Of course, Walitt has been promoting the lumping of ME and Fibromyalgia for many years (see Part 1).
There is a pronounced difference between studying effort in ME, which has been maligned by NIH and other federal health agencies as merely fatiguing for decades, and diseases such as Cancer, Multiple Sclerosis, or Rheumatoid Arthritis, which are not at risk of being distilled down to fatigue.

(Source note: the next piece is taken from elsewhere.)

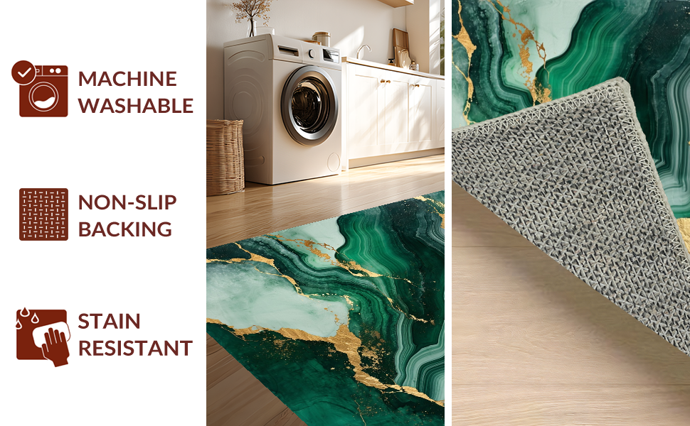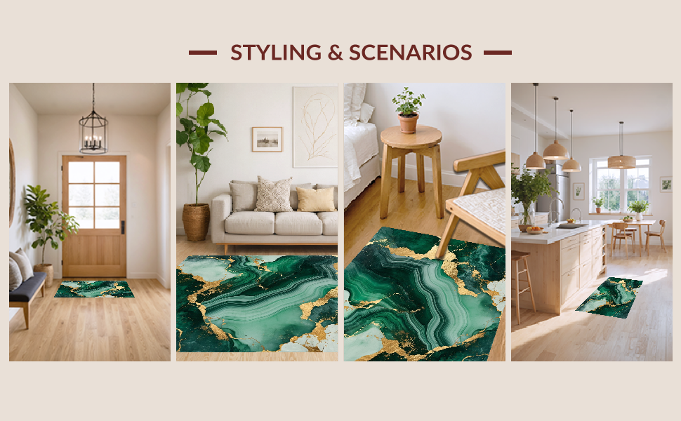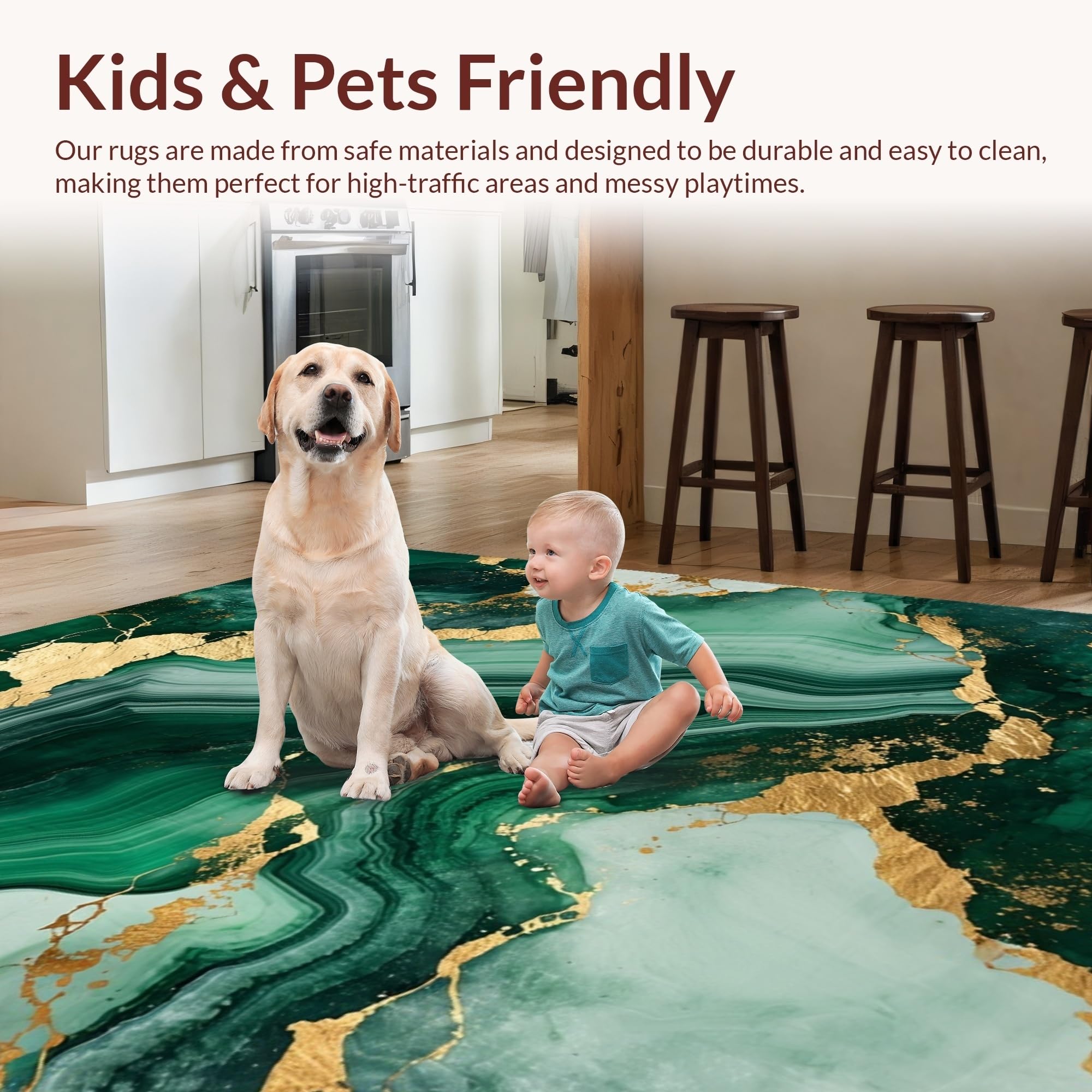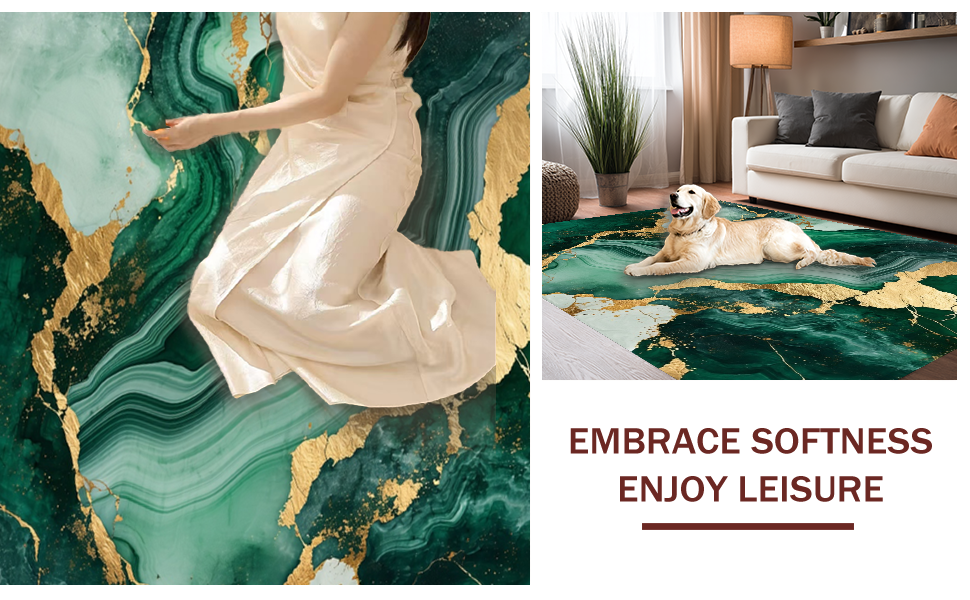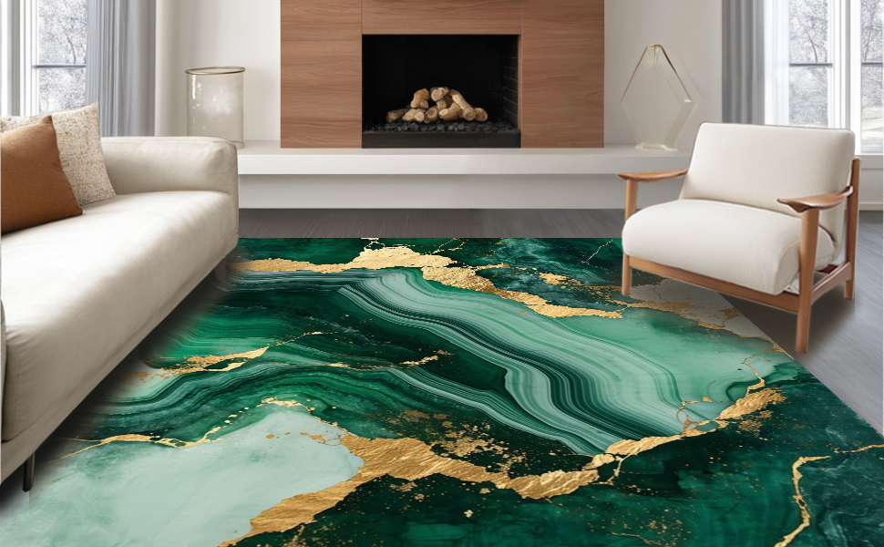 Ultra Soft Area Rug, Non Slip, Stain Resistant, Washable Area Rugs for Living Room, Bedroom, Chic Textured Marble Design Elements(Green) Overview:

NIH’s reductionist focus on fatigue is tantamount to grasping the tail of an elephant and insisting one is holding a snake. There is a vast body of ME research on which NIH could have built in lieu of testing for effort if it had not been for NIH’s pathological and deceptive fixation on fatigue. ME is a complex disease that presents with many disabling symptoms. It is not mainly characterized by fatigue but rather by the persistent expression of the profound and often severe, complex dysregulation of multiple bodily systems, including, but not limited to, the immune, neurological, cardiovascular, and endocrine systems; energy metabolism, production, and transport systems; the Hypothalamic-Pituitary-Adrenal Axis; and other systems. Fatigue is a symptom, not the symptom.
As fatigue is not at the driving factor or core symptom of ME, curing or treating fatigue in ME would leave patients still disabled just like curing or treating fatigue in cancer would still lead to the death of most cancer patients in the absence of a treatment that stops the abnormal growth of cells. The following signs and symptoms have been well established in ME. This non-exhaustive list is based mainly on the ME:ICC and the Myalgic Encephalomyelitis International Consensus Primer for Medical Practitioners authored by expert clinicians and scientists in the field of ME.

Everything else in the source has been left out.